Après avoir rappelé les conditions auxquelles ce licenciement est subordonné - perturbations du fonctionnement de l’entreprise, absence prolongée ou absences répétées du salarié, remplacement définitif de ce dernier – la Cour rappelle les points que les juges du fond doivent examiner pour décider si un nouveau salarié a été recruté dans un délai raisonnable.
Ainsi, ce « délai raisonnable » est apprécié souverainement par les juges du fond en tenant compte des spécificités de l’entreprise et de l’emploi concerné, ainsi que des démarches faites par l’employeur en vue d’un recrutement.
A noter : La solution n’est pas nouvelle. La Cour de cassation juge en effet depuis 2004 que le caractère raisonnable du délai relève de l'appréciation souveraine des juges du fond qui doivent, à cet effet, tenir compte des critères mentionnés ci-dessus (Cass. soc. 10-11-2004 n° 02-45.156 FS-PBRI : RJS 1/05 n° 30 ; Cass. soc. 14-3-2007 n° 06-41.723 F-D).
En l’espèce, la cour d’appel, qui a tenu compte de ces démarches immédiatement engagées par l’employeur et de l’importance du poste de directeur à pourvoir, a pu estimer que le remplacement de la salariée 6 mois après son licenciement était intervenu dans un délai raisonnable.

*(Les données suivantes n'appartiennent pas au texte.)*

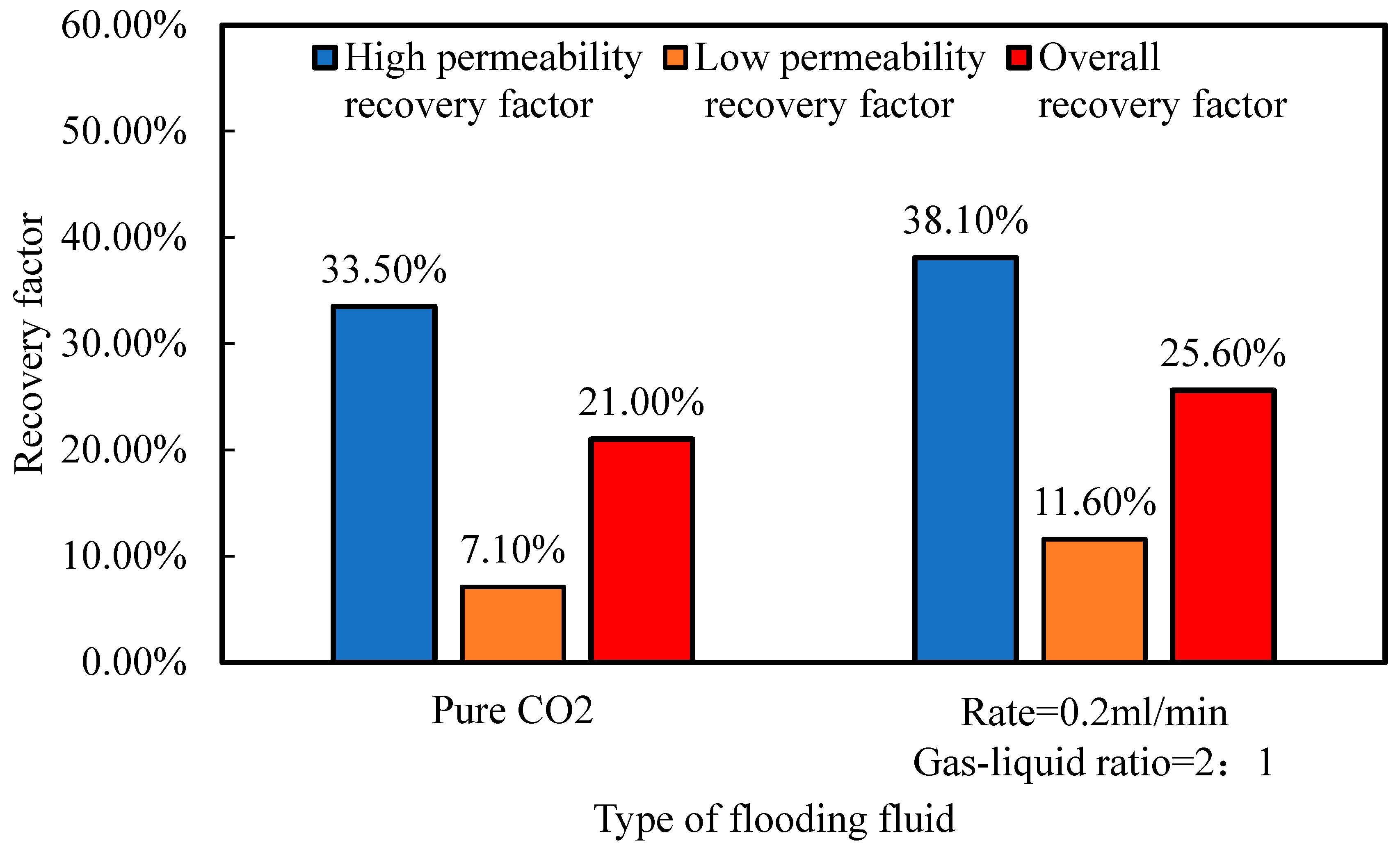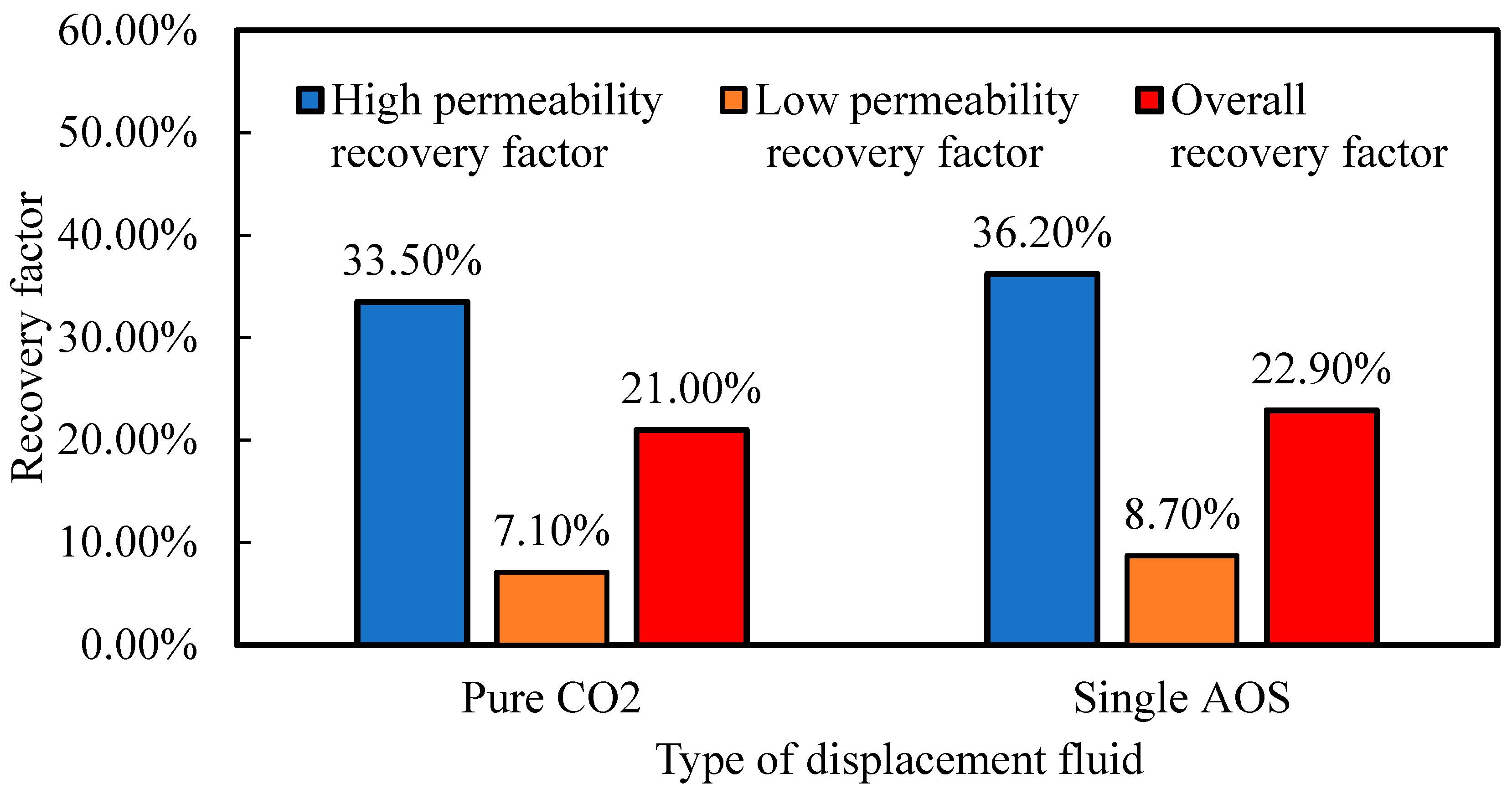 - The compound foam system significantly increased the overall oil recovery versus pure CO2 flooding, particularly in low-permeability zones, whose effect is better than that of the AOS single system as well.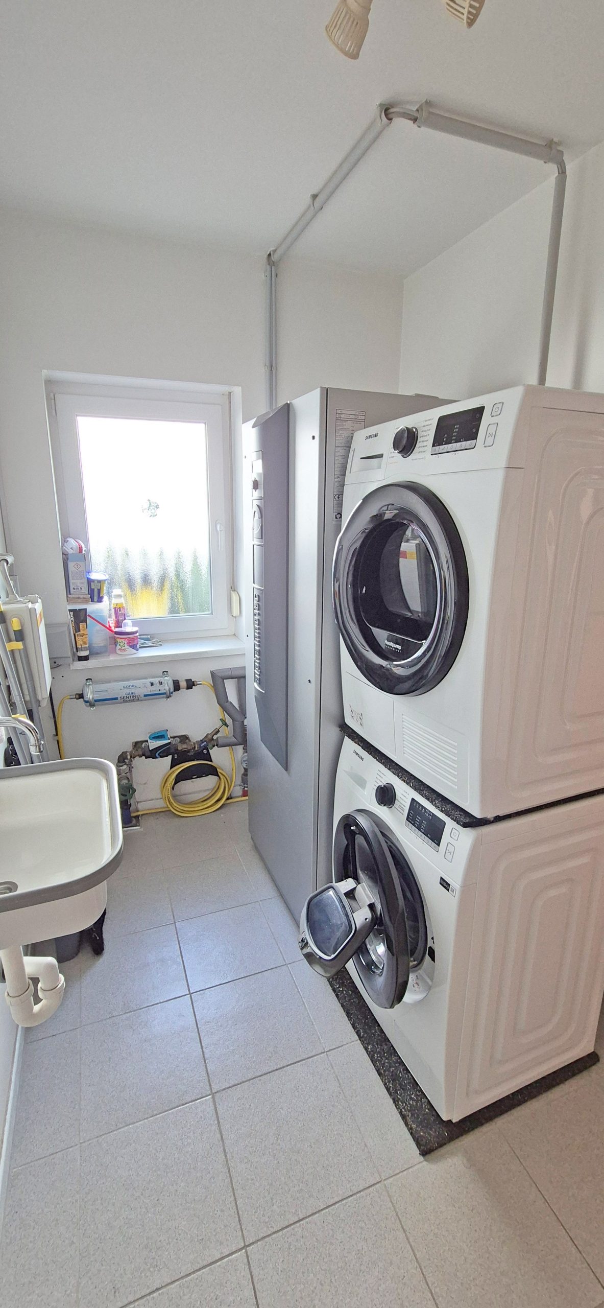 An die Küche schließt sich der Hauswirtschaftsraum an, der zusätzlichen Stauraum bietet und zugleich einen direkten Zugang zur Garage ermöglicht – praktisch und wettergeschützt.

A noter : Si le délai de 6 mois a pu être jugé raisonnable pour pourvoir un poste de direction, tel n’a pas été le cas, par exemple, pour un poste de secrétaire administratif (Cass. soc. 9-5-1989 n° 88-40.036 F-D). Même solution dans une affaire où un salarié embauché en remplacement d’un contremaître malade avait vu son contrat à durée déterminée transformé en un contrat à durée indéterminée 7 mois environ après le licenciement de ce dernier (Cass. soc. 12-10-2011 n° 10-15.101 F-D : RJS 12/11 n° 977).